Lynyrd Skynyrd Bassist Leon Wilkeson Cheated Death Twice Only to Tragically Die in a Florida Hotel Room

Tragic tales abound among celebrities. Part of it is that their fame makes incidents that wouldn’t normally register as newsworthy into front-page headlines, but there is also the fact that many living the life of luxury are out in tempting positions when it comes to substance abuse and risky behavior. 

Musicians, in particular, have a reputation for living hard lives and often taking their final bow way too soon. For the band Lynyrd Skynyrd, tragedy has certainly overshadowed much of their legacy. One member managed to cheat death twice before meeting a tragic end that many fans still find suspicious. 

Lynyrd Skynyrd (L-R) Leon Wilkeson, Allen Collins, Gary Rossington, Artimus Pyle (Top), Steve Gaines and Billy Powell looking at the camera not smiling, in black and white
Lynyrd Skynyrd (L-R) Leon Wilkeson, Allen Collins, Gary Rossington, Artimus Pyle (Top) Steve Gaines and Billy Powell | Michael Ochs Archives/Getty Images

Lynyrd Skynyrd’s legacy is tinged with tragedy

Lynyrd Skynyrd started the way many groups form: a bunch of young friends got together and started making music. Ronnie Van Zant, Gary Rossington, Allen Collins, Steve Gaines, Billy Powell, Leon Wilkeson, and Artimus Pyle got together in Jacksonville, Florida, calling themselves Lynyrd Skynyrd as an inside joke involving a gym teacher.
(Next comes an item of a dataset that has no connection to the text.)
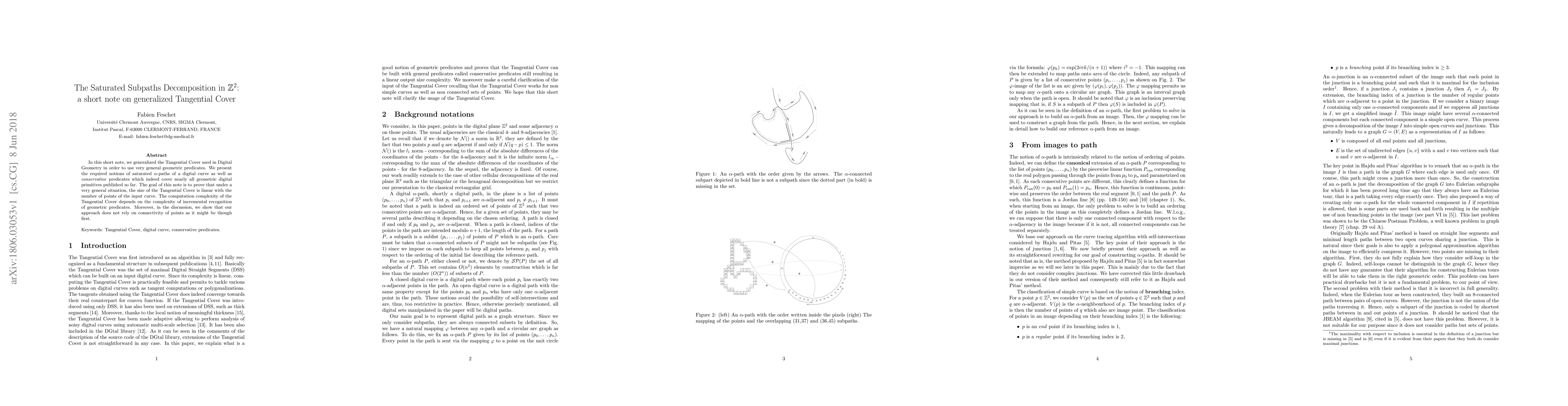 In this short note, we generalized the Tangential Cover used in Digital Geometry in order to use very general geometric predicates. We present the required notions of saturated $\alpha$-paths of a digital curve as well as conservative predicates which indeed cover nearly all geometric digital primitives published so far. The goal of this note is to prove that under a very general situation, the size of the Tangential Cover is linear with the number of points of the input curve. The computation complexity of the Tangential Cover depends on the complexity of incremental recognition of geometric predicates. Moreover, in the discussion, we show that our approach does not rely on connectivity of points as it might be though first.

Soon, they found themselves caught up in a Southern rock boom that saw their fame soaring. Their first album released in 1973, and it contained “Free Bird” and “Sweet Home Alabama,” hits that would define their influence and success. 
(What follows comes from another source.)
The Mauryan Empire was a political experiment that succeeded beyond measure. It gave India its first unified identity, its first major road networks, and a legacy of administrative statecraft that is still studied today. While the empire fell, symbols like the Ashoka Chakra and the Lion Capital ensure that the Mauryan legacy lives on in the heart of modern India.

Unfortunately, that success was short-lived. In 1977, the band’s legacy forever became one of tragedy when a plane crash killed two members of the group and left others facing serious injuries. While the band did reunite in 1987, the momentum and focus they had was lost along with Ronnie Van Zant and Steve Gaines. 

Leon Wilkeson was on the plane that crashed

That tragic flight is made even more horrifying by just how close it came to not happening. First, Aerosmith had already passed up the plane and its crew — feeling uncomfortable with its safety after catching the pilots drinking whiskey. On top of that, Lynyrd Skynyrd members had seen flames shooting out of the engine just days before the fatal accident. They vowed to make finding a safer ride a priority, but the step wasn’t taken soon enough. 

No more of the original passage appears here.